The \textit{TTL Value-Based Features} cover five individual features. Each answer for a DNS request contains the TTL attribute, which is the recommendation (configured by the operator of \textit{d}) of how long the resolution will be valid and should be cached for this reason. Whereas RFC 1033 recommends a TTL of one day (86400 seconds) \fsCite{RFC1033}, it is getting more common, especially for content delivery networks to use much lower values (e.g. Cloudflare, one of the biggest managed DNS providers is using a default of 5 minutes). Botnets are also usually applying low TTL values to avoid long outages of C\&C servers and bots. As \fsAuthor{Bilge:2014:EPD:2617317.2584679} states, botnets also change their TTL values more frequently and use values in different ranges depending on their availability. While applying a higher value to high bandwidth servers with low downtimes, home computers behind a digital subscriber line are much likely to get offline and therefore are assigned lower TTL values. For this reason, all TTL values for a domain are checked against the following ranges (in seconds): [0, 1], [1, 10], [10, 100], [100, 300], [300, 900], [900, inf].

The last group of features are the \textit{Domain Name-Based Features}. Domain names of benign services mostly use easy to remember names which consist of valid words. Attackers often are not interested in human readable domain names. This is especially true for domains generated by a DGA. \textit{Exposure} extracts two statistical features out of the domain name, the first being the percentage of numerical characters and secondly the length of the longest (english) meaningful string (LMS).


\begin{table}[!htbp]
    \centering
    \caption{Exposure: Features}
    \label{tab:exposure_features}
    \begin{tabularx}{\textwidth}{|l|X|}
    \hline
    \textbf{Feature Set}                                & \textbf{Feature Name}                   \\ \hline
    \multirow{4}{*}{\textit{Time-Based Features}}       & Short life                              \\ \cline{2-2}
                                                        & Daily similarity                        \\ \cline{2-2}
                                                        & Repeating patterns                      \\ \cline{2-2}
                                                        & Access ratio                            \\ \hline
    \multirow{4}{*}{\textit{DNS Answer-Based Features}} & Number of distinct IP addresses         \\ \cline{2-2}
                                                        & Number of distinct countries            \\ \cline{2-2}
                                                        & Number of domains share the IP with     \\ \cline{2-2}
                                                        & Reverse DNS query results               \\ \hline
    \multirow{5}{*}{\textit{TTL Value-Based Features}}  & Average TTL                             \\ \cline{2-2}
                                                        & Standard Deviation of TTL               \\ \cline{2-2}
                                                        & Number of distinct TTL values           \\ \cline{2-2}
                                                        & Number of TTL change                    \\ \cline{2-2}
                                                        & Percentage usage of specific TTL ranges \\ \hline
    \multirow{2}{*}{\textit{Domain Name-Based Features}}         & \% of numerical characters              \\ \cline{2-2}
                                                        & \% of the length of the LMS             \\ \hline
\end{tabularx}
\end{table}


\subsection{Reputation Engine}
\label{subsec:exposure_reputation_engine}

The reputation classifier of \textit{Exposure} is implemented as a \textit{J48} decision tree algorithm (see Section~\ref{sec:machine_learning} for details of decision trees, \textit{j48} is an implementation of the \textit{C4.5} decision tree algorithm).
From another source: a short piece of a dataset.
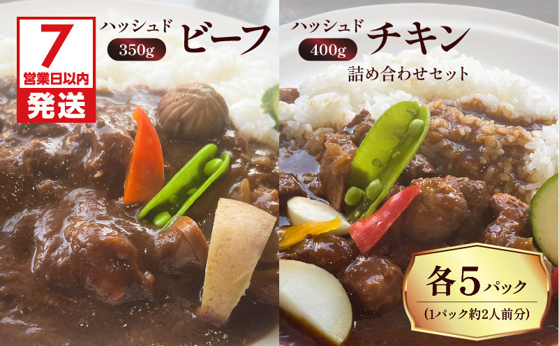 黒毛和牛と黒薩摩鶏の肉がゴロゴロ入った本格的なハヤシライスです。 【7営業日以内に発送】【洋食グリル肝付】ハッシュドビーフ、ハッシュドチキン詰め合わせセット 計10パック K084-007_05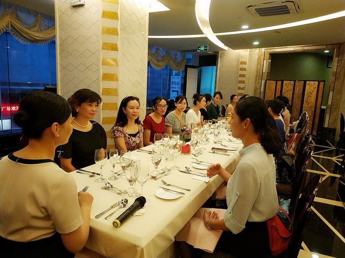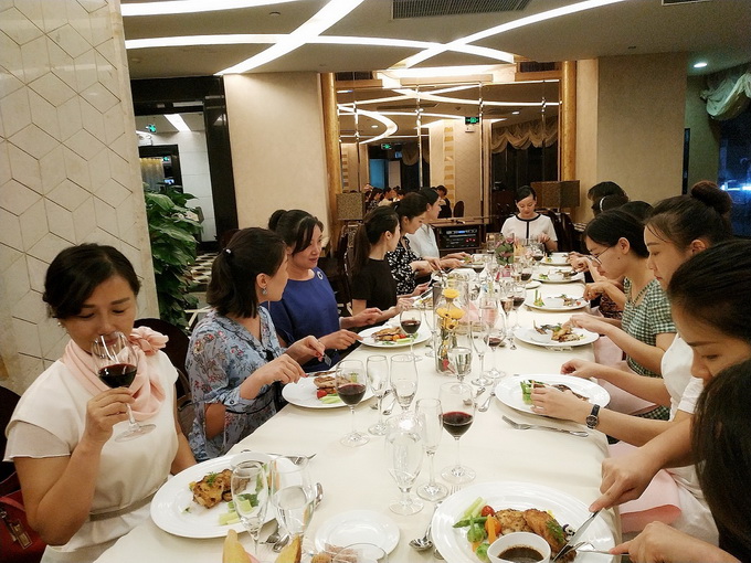 第四天晚間課程,由時淑妍老師主講《西餐禮儀》課程,在酒店西餐廳帶領學員們實操西餐禮儀。

The performance of decision trees mainly depend on the quality of the training set. For this reason a representative set of training data, with malicious domains from various threat classes, has to be chosen. Sources that have been used to identify malicious and benign domains can be found in Section~\ref{subsec:exposure_architecture}. In total, a list of 3500 known bad as well as 3000 known good domains have been used for the initial training. In order to take advantage of the \textit{Time-Based Features}, the optimal training period has been observed to be seven days. The tree is then constructed using the feature attribute values and its corresponding labels. More specifically, the whole training set is iterated and each time, a set of samples can be separated using one single attribute (in perspective to the assigned label) it is branched out and a new leaf is created. Each branch is then split into more fine grained subtrees as long as there is an \textit{information gain}, which means that all samples of the subset belong to the same class, i.e. are assigned the same label (see more on decision trees in Section~\ref{subsec:decision_tree_classifier}).

\subsection{Results}
\label{subsec:exposure_results}

The performance of classifiers with different feature sets has been tested using e.g. 10-fold cross validation. See Section~\ref{subsec:notos_results} for more details on 10-fold cross validation. To find the model with the minimum error rate, all combinations of feature sets ({\textit{Time-Based Features} as F1, \textit{DNS Answer-Based Features} as F2, \textit{TTL Value-Based Features} F3 and \textit{Domain Name-Based Features} as F4) have been trained using the same decision tree algorithm. Figure~\ref{fig:exposure_miss-classifier_instances} shows the error rate of those different classification models. The \textit{Time-Based Features} are showing the smallest error when inspecting single feature sets only. Looking at models with multiple feature sets, the overall minimum error rate is produced when using all four feature groups. The total amount of requests in the dataset that was collected for the initial analysis counted roughly 100 billion DNS queries. As processing all of these requests is not feasible in practice, two filtering steps have been introduced. The first one filters out all requests to a domain in the top 1000 Alexa list. The assumption for this filter is that no malicious domain will get this popular without being detected in some form. This action reduced about 20\% of the initial requests. The second step filters out all requests to domains that have been registered at least one year before the analysis. This filter applied to 45.000 domains (or 40 billion corresponding queries) and reduced the remaining traffic by another 50\%. The filtering process has been cross tested against the Alexa top list, McAfee WebAdvisor (formerly McAfee SiteAdvisor) \fsCite{MCAfeeWebAdvisorOnline}, Google Safe Browsing \fsCite{GoogleSafeBrowsingOnline} and Norton Safe Web \fsCite{NortonSafeWebOnline} and only 0.09\% have been reported to be risky. \fsAuthor{Bilge11exposure:finding} for this reason states that: ``We therefore believe that our filtering policy did not miss a significant number of malicious domains because of the pre-filtering we performed during the offline experiments.''

The accuracy of the classifier has been validated using two different methods. The first method was to classify the training set with 10-fold cross validation. The second method is to simply use 66\% of the dataset for the training and the remaining 33\% as the testing set.


\begin{figure}[!htbp]
    \centering
    \includegraphics[width=.9\textwidth, clip=true]{content/Evaluation_of_existing_Systems/Exposure/exposure_validation.png}
    \caption{Exposure: Percentage of miss-classified instances \fsCite[Figure 2]{Bilge11exposure:finding}}
    \label{fig:exposure_miss-classifier_instances}
\end{figure}